Provided data —
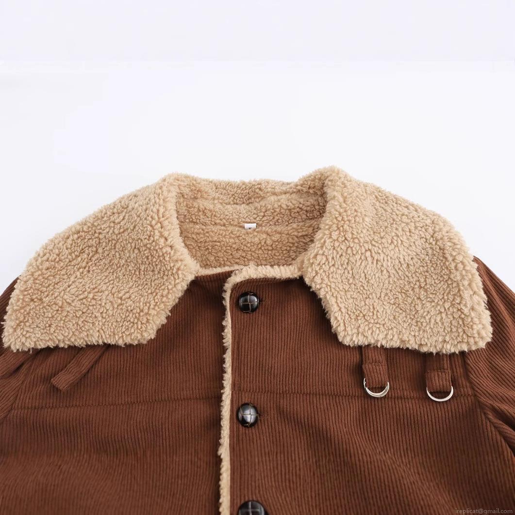 • Women Retro Corduroy Jacket With Faux Lamb Wool Collar Spliced Long Sleeve Button Down Pocket Coat For Autumn Winter Women Outerwear Street Fashion
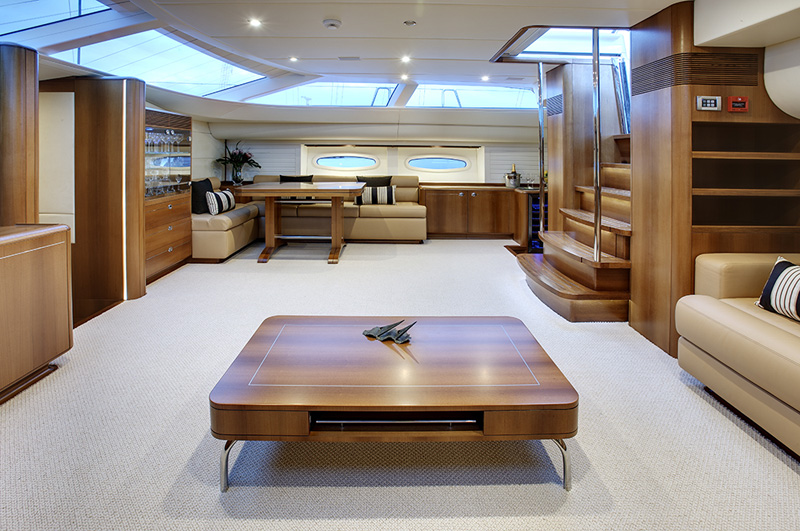 LIARA’S main saloon is peaceful when relaxing with a book from the library, styling when entertaining and ideal for enjoying a movie while lounging on the plush sofas.
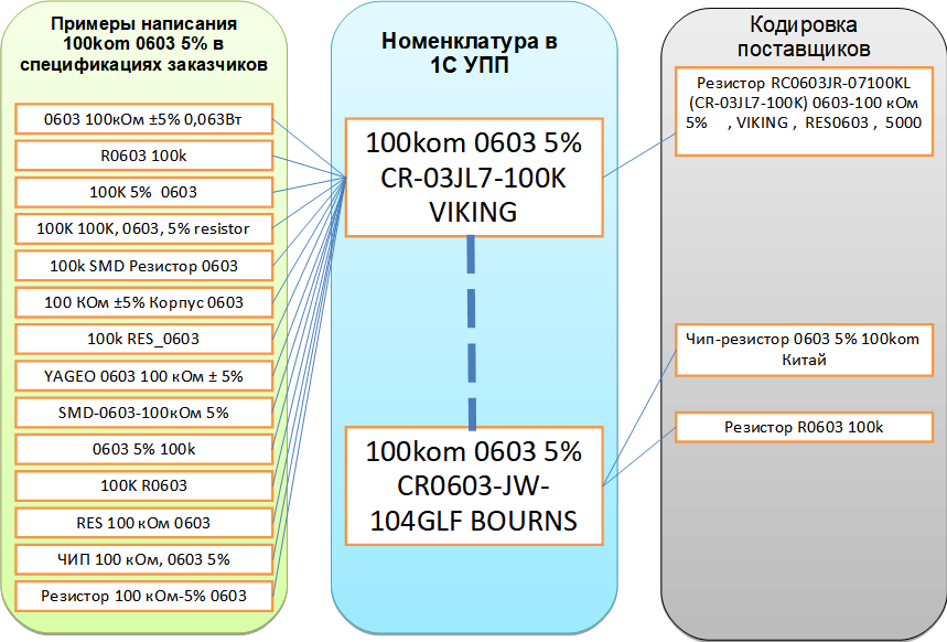 У 99% компаний, существует проблема ведения каталога номенклатуры. Дубликаты, неправильные наименования - нормальное явление. В сфере электронных компонентов это чувствуется особенно остро, потому что наименований РЭК существует несколько миллионов. И если для активных компонентов еще как-то все относительно терпимо, то по пассиву, резисторам и конденсаторам "кто-на-что-горазд". Один и тот же резистор, у всех называется по-разному. Отчасти это обусловлено тем, что для "чтения" кодировки разных производителей, необходимо обладать фундаментальными знаниями или обложиться описаниями кодировок.
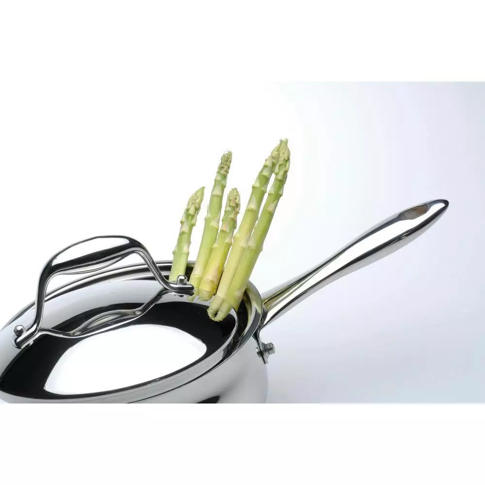 The 2.1 Qt. Sauce Pan has a round belly, mirrored outside finish and 18/10 stainless-steel are the distinguishing features of this line. Revolutionary 6-layer sandwich base for fast and energy-saving cooking. The 18/10 stainless-steel lid seals the pot, preventing moisture and juices from escaping. The ergonomic shaped handle offers a safe grip and comfortable lifting.
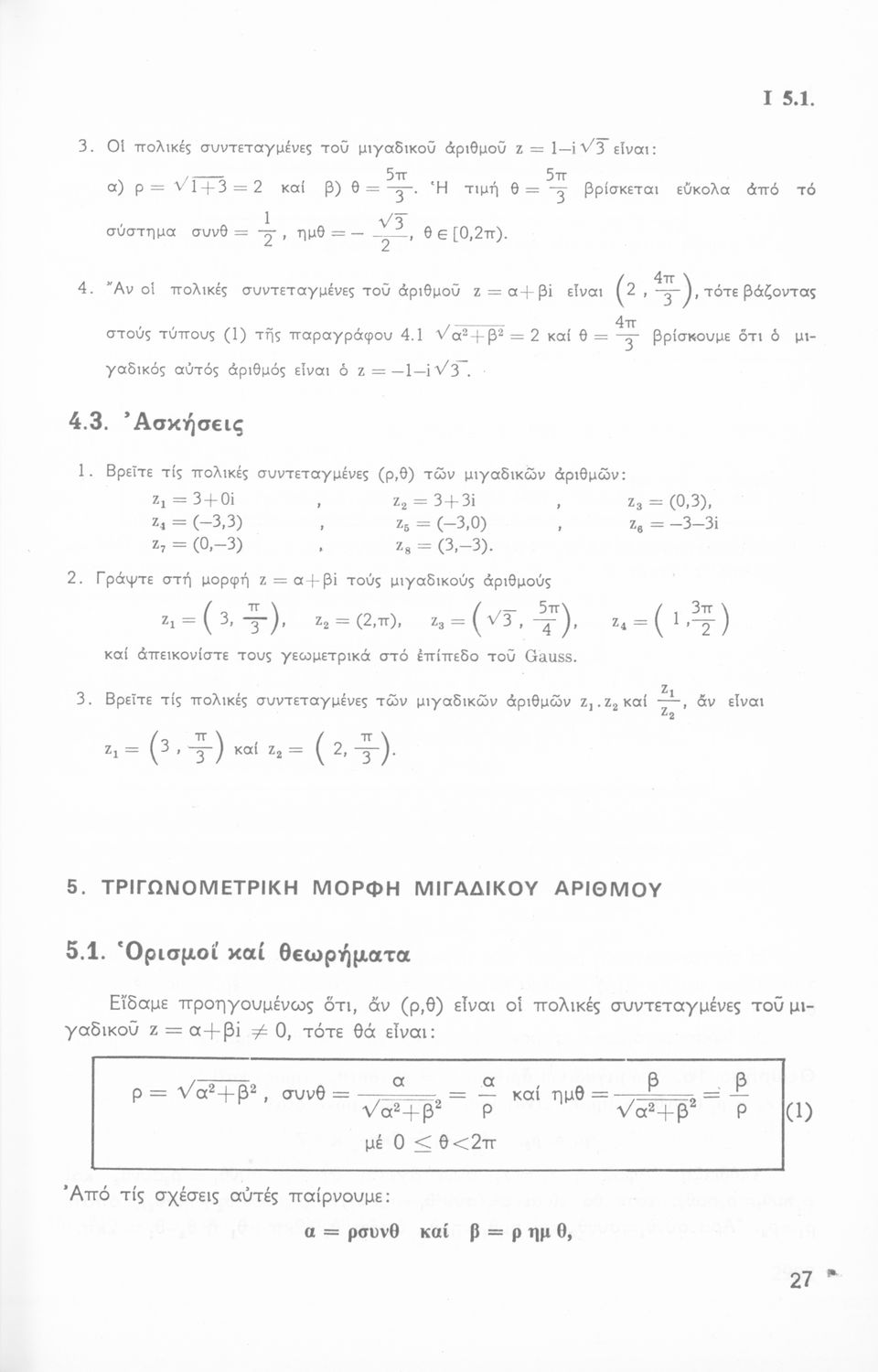 Σχολικό εγχειρίδιο Μαθηματικών Γ΄ Λυκείου που είναι χωρισμένο σε θεωρήματα, παραδείγματα και ασκήσεις και περιλαμβάνει στοιχεία Ανώτερης Άλγεβρας και Μαθηματικής Ανάλυσης.
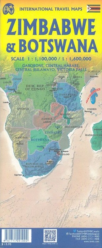 ITM Botswana and Zimbabwe travel map | landkaart, autokaart 1:1.500.000
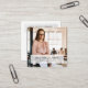The front of the business card features a full photo layout with a simple white framed nameplate that features the company name. The reverse side features the contact info and business name in a clean and minimal layout. You can customise the text size, font, colours, and background colour to suit your own personal preference.
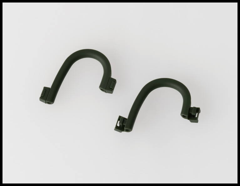 弊社のイヤーフックは、一般的なイヤーフックよりもスリムで、ワイヤーや樹脂の入ったケーブルに比べて異物感がなく、掛けていることを忘れる快適さを特長としています。

Activity — From the line with "Σχολικό εγχειρίδιο Μαθηματικών" down to the last line of the entries above, set down every line exactly, apart from the pictures.

Reply —
 Σχολικό εγχειρίδιο Μαθηματικών Γ΄ Λυκείου που είναι χωρισμένο σε θεωρήματα, παραδείγματα και ασκήσεις και περιλαμβάνει στοιχεία Ανώτερης Άλγεβρας και Μαθηματικής Ανάλυσης.
 ITM Botswana and Zimbabwe travel map | landkaart, autokaart 1:1.500.000
The front of the business card features a full photo layout with a simple white framed nameplate that features the company name. The reverse side features the contact info and business name in a clean and minimal layout. You can customise the text size, font, colours, and background colour to suit your own personal preference.
 弊社のイヤーフックは、一般的なイヤーフックよりもスリムで、ワイヤーや樹脂の入ったケーブルに比べて異物感がなく、掛けていることを忘れる快適さを特長としています。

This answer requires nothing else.